Confirmed Stereo 3D Blu-Ray:


Dinosaurs Alive! [Blu-ray 3D]

Dinosaurs: Giants of Patagonia (IMAX) [Blu-ray 3D]

The Ultimate Wave: Tahiti (IMAX) [Blu-ray 3D]

Kenny Chesney: Summer in 3d Live

IMAX: Mummies - Secrets of the Pharaohs

Grand Canyon Adventure: River at Risk [3D] [Blu-ray] (2008

Green Lantern [Blu-ray/DVD] [3D Blu-ray] [Includes Digital Copy]

Harry Potter and the Deathly Hallows, Part 2 [Blu-ray] [3D]

Cave of Forgotten Dreams [2 Discs] [3D/2D] [Blu-ray]

Dolphin Tale [2 Discs] [Includes Digital Copy] [UltraViolet] [3D] [Blu-ray/DVD]


Anaglyph :

The Polar Express: 3-D [Blu-ray] (2004)



Possibles not yet confirmed on here:

Kung Fu Panda 2 [Blu-ray] [3D] (2011)

Sea Rex: Journey to a Prehistoric World 3D [Blu-ray] (2010)

Deep Sea [Blu-ray] (2006)

Glee: The 3D Concert Movie [4 Discs] [Includes Digital Copy] [3D/2D] [Blu-ray/DVD]

Ice Age: Dawn of the Dinosaurs 3D [2 Discs]

Yogi Bear 3D [3 Discs] [Includes Digital Copy] [2D/3D] [Blu-ray/DVD]

Final Destination 5 *[French]* [3D] [Blu-ray/DVD]

IMAX: Ultimate G's - Zac's Flying Dream 3D [Blu-ray]

Hannah Montana and Miley Cyrus: The Best of Both Worlds Concert - The 3-D Movie [Blu-ray]

Puss in Boots [Blu-ray/DVD] [Includes Digital Copy] [3D]



Hopefully we can keep this list updated as more titles become available.

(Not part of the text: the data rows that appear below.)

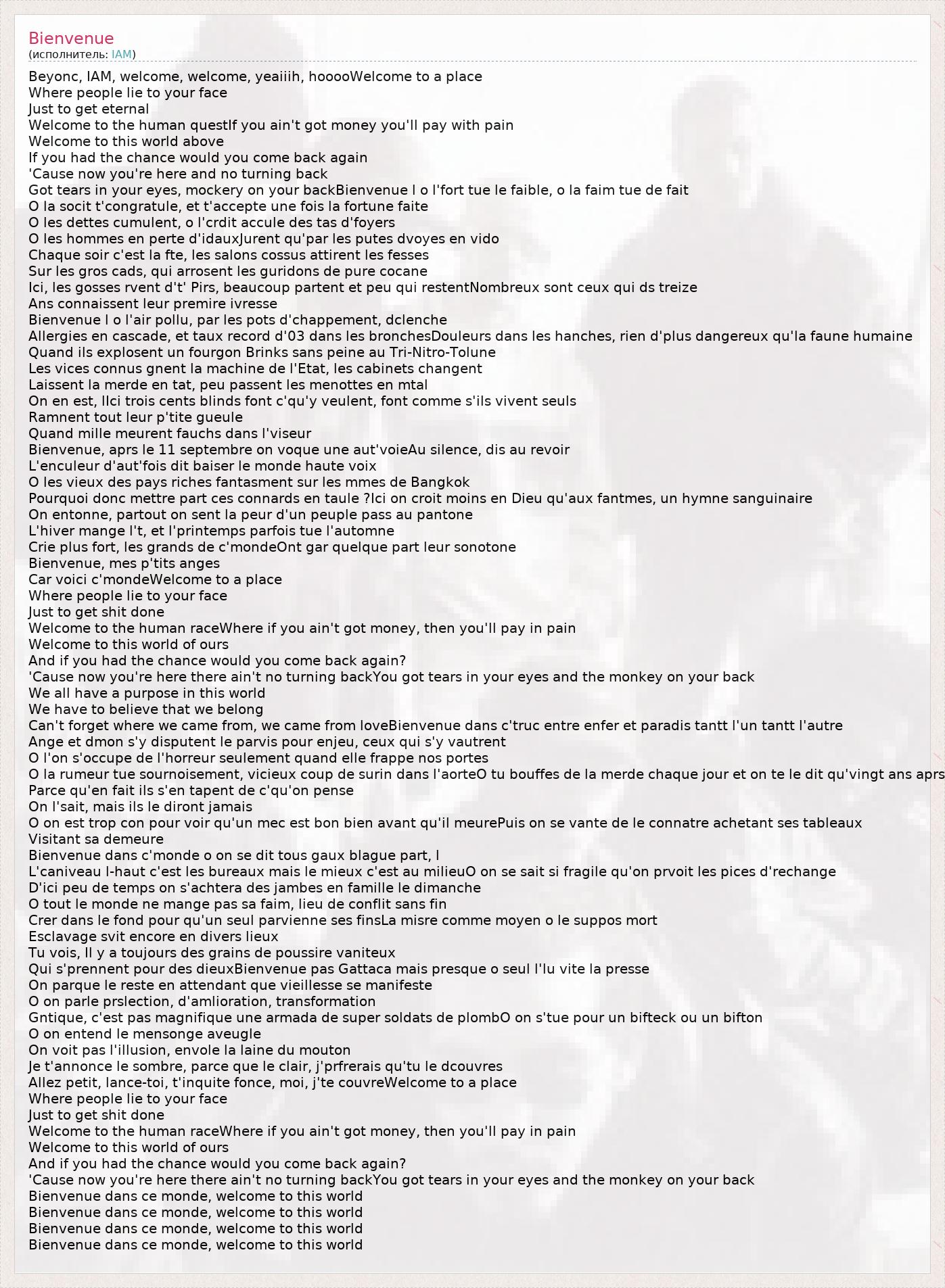 Beyonc, IAM, welcome, welcome, yeaiiih, hooooWelcome to a place Where people lie to your face Just to get eternal Welcome to the human questIf you ain't got money you'll pay with pain Welcome to this world above If you had the chance would you come back again 'Cause now you're here and no turning back Got tears in your eyes, mockery on your backBienvenue l o l'fort tue le faible, o la faim tue de fait O la socit t'congratule, et t'accepte une fois la fortune faite O les dettes cumulent, o l'crdit accule des tas d'foyers O les hommes en perte d'idauxJurent qu'par les putes dvoyes en vido Chaque soir c'est la fte, les salons cossus attirent les fesses Sur les gros cads, qui arrosent les guridons de pure cocane Ici, les gosses rvent d't' Pirs, beaucoup partent et peu qui restentNombreux sont ceux qui ds treize Ans connaissent leur premire ivresse Bienvenue l o l'air pollu, par les pots d'chappement, dclenche Allergies en cascade, et taux record d'03 dans les bronchesDouleurs dans les hanches, rien d'plus dangereux qu'la faune humaine Quand ils explosent un fourgon Brinks sans peine au Tri-Nitro-Tolune Les vices connus gnent la machine de l'Etat, les cabinets changent Laissent la merde en tat, peu passent les menottes en mtal On en est, lIci trois cents blinds font c'qu'y veulent, font comme s'ils vivent seuls Ramnent tout leur p'tite gueule Quand mille meurent fauchs dans l'viseur Bienvenue, aprs le 11 septembre on voque une aut'voieAu silence, dis au revoir L'enculeur d'aut'fois dit baiser le monde haute voix O les vieux des pays riches fantasment sur les mmes de Bangkok Pourquoi donc mettre part ces connards en taule ?Ici on croit moins en Dieu qu'aux fantmes, un hymne sanguinaire On entonne, partout on sent la peur d'un peuple pass au pantone L'hiver mange l't, et l'printemps parfois tue l'automne Crie plus fort, les grands de c'mondeOnt gar quelque part leur sonotone Bienvenue, mes p'tits anges Car voici c'mondeWelcome to a place Where people lie to your face Just to get shit done Welcome to the human raceWhere if you ain't got money, then you'll pay in pain Welcome to this world of ours And if you had the chance would you come back again? 'Cause now you're here there ain't no turning backYou got tears in your eyes and the monkey on your back We all have a purpose in this world We have to believe that we belong Can't forget where we came from, we came from loveBienvenue dans c'truc entre enfer et paradis tantt l'un tantt l'autre Ange et dmon s'y disputent le parvis pour enjeu, ceux qui s'y vautrent O l'on s'occupe de l'horreur seulement quand elle frappe nos portes O la rumeur tue sournoisement, vicieux coup de surin dans l'aorteO tu bouffes de la merde chaque jour et on te le dit qu'vingt ans aprs Parce qu'en fait ils s'en tapent de c'qu'on pense On l'sait, mais ils le diront jamais O on est trop con pour voir qu'un mec est bon bien avant qu'il meurePuis on se vante de le connatre achetant ses tableaux Visitant sa demeure Bienvenue dans c'monde o on se dit tous gaux blague part, l L'caniveau l-haut c'est les bureaux mais le mieux c'est au milieuO on se sait si fragile qu'on prvoit les pices d'rechange D'ici peu de temps on s'achtera des jambes en famille le dimanche O tout le monde ne mange pas sa faim, lieu de conflit sans fin Crer dans le fond pour qu'un seul parvienne ses finsLa misre comme moyen o le suppos mort Esclavage svit encore en divers lieux Tu vois, Il y a toujours des grains de poussire vaniteux Qui s'prennent pour des dieuxBienvenue pas Gattaca mais presque o seul l'lu vite la presse On parque le reste en attendant que vieillesse se manifeste O on parle prslection, d'amlioration, transformation Gntique, c'est pas magnifique une armada de super soldats de plombO on s'tue pour un bifteck ou un bifton O on entend le mensonge aveugle On voit pas l'illusion, envole la laine du mouton Je t'annonce le sombre, parce que le clair, j'prfrerais qu'tu le dcouvres Allez petit, lance-toi, t'inquite fonce, moi, j'te couvreWelcome to a place Where people lie to your face Just to get shit done Welcome to the human raceWhere if you ain't got money, then you'll pay in pain Welcome to this world of ours And if you had the chance would you come back again? 'Cause now you're here there ain't no turning backYou got tears in your eyes and the monkey on your back Bienvenue dans ce monde, welcome to this world Bienvenue dans ce monde, welcome to this world Bienvenue dans ce monde, welcome to this world Bienvenue dans ce monde, welcome to this world
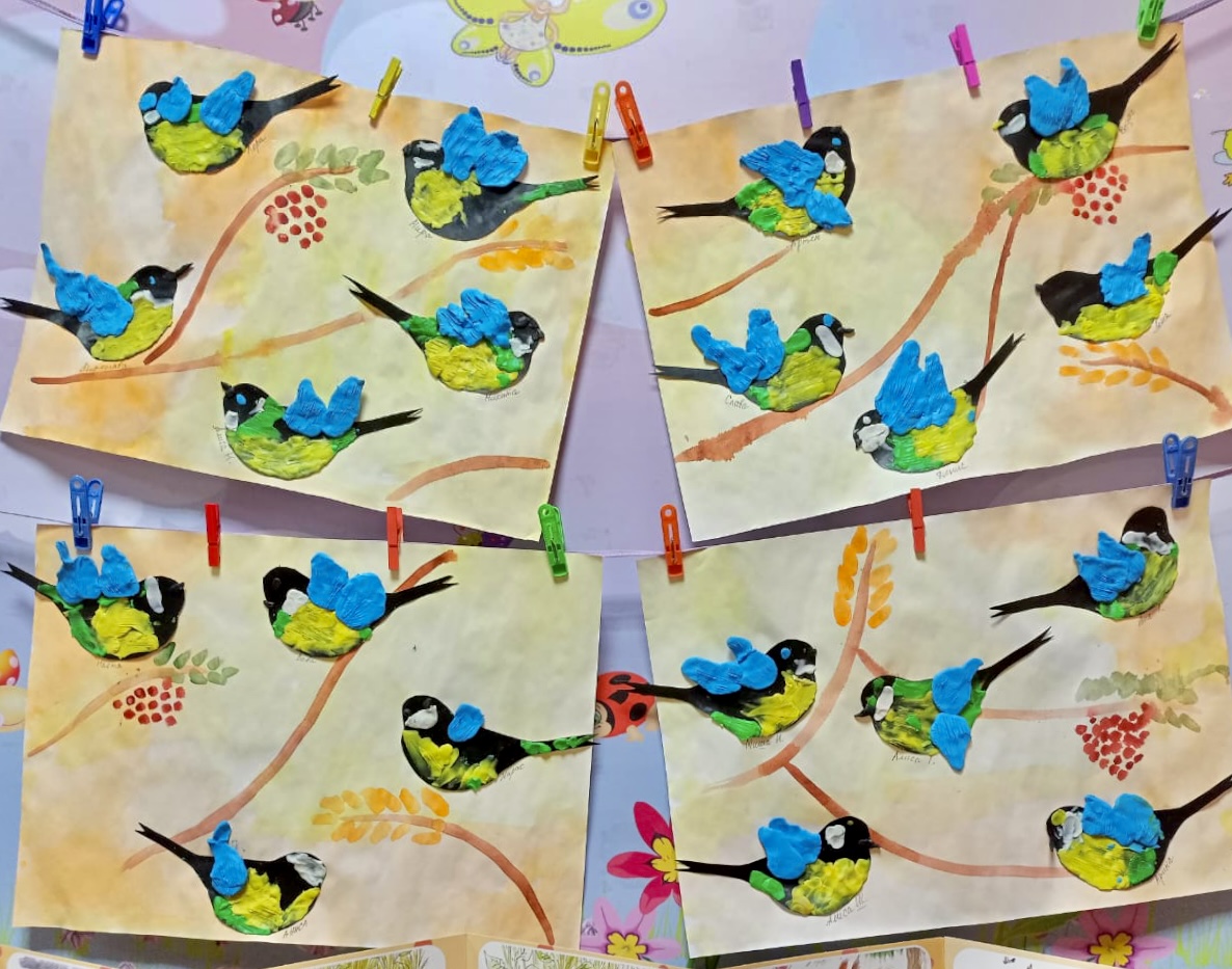 Возьму самый большой кусок - синий пластилин. Я разделю его на две части. Сформирую колбаску и начну формировать капельку. Получается крыло, надо сделать еще одно - точно такое же, ведь у птичек по два крыла. Какие красивые синицы у нас получились,все особенные и неповторимые!
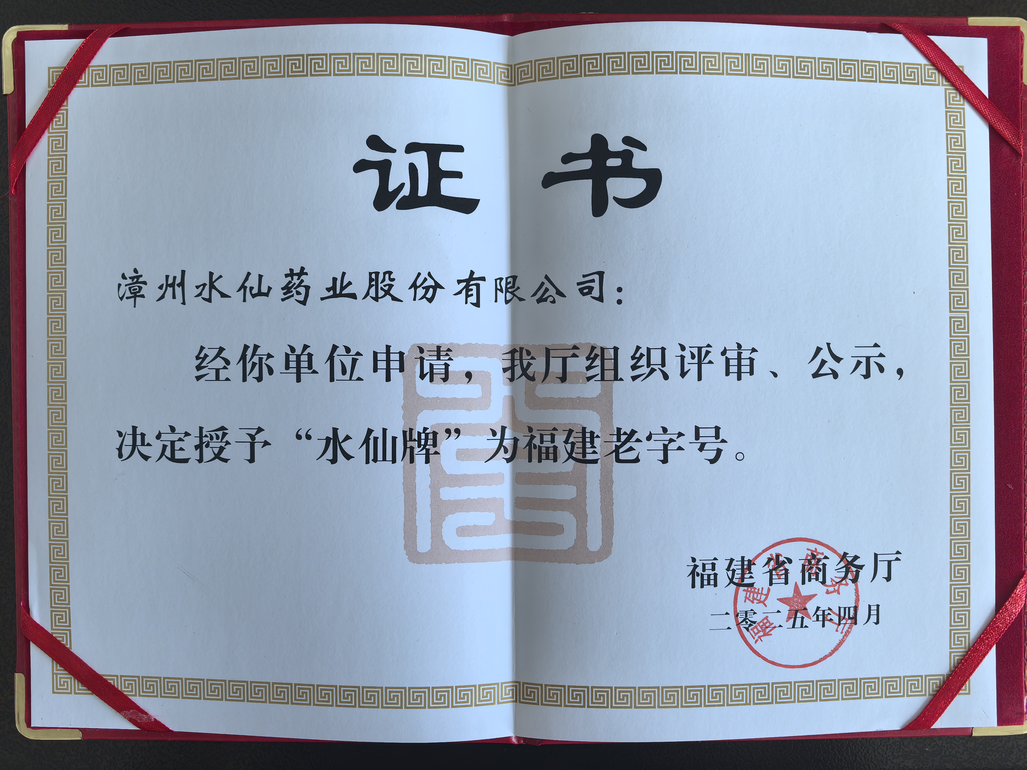 2025年6月27日,由福建省商務(wù)廳與漳州市人民政府聯(lián)合主辦的第七批“福建老字號(hào)”授牌儀式在漳州吾悅廣場(chǎng)舉行,漳州水仙藥業(yè)股份有限公司正式獲得授牌。公司副總經(jīng)理任冠群先生代表企業(yè)接受授牌。

Also if any of my possible have been confirmed you could update the list.


and lastly some notes on Resident Evil: Afterlife, I own a copy of this movie and both the 2D and 3D versions are on the same disk. my guess is that the rental copies are bulk purchases from the studio with just the 2D version on them, just a guess.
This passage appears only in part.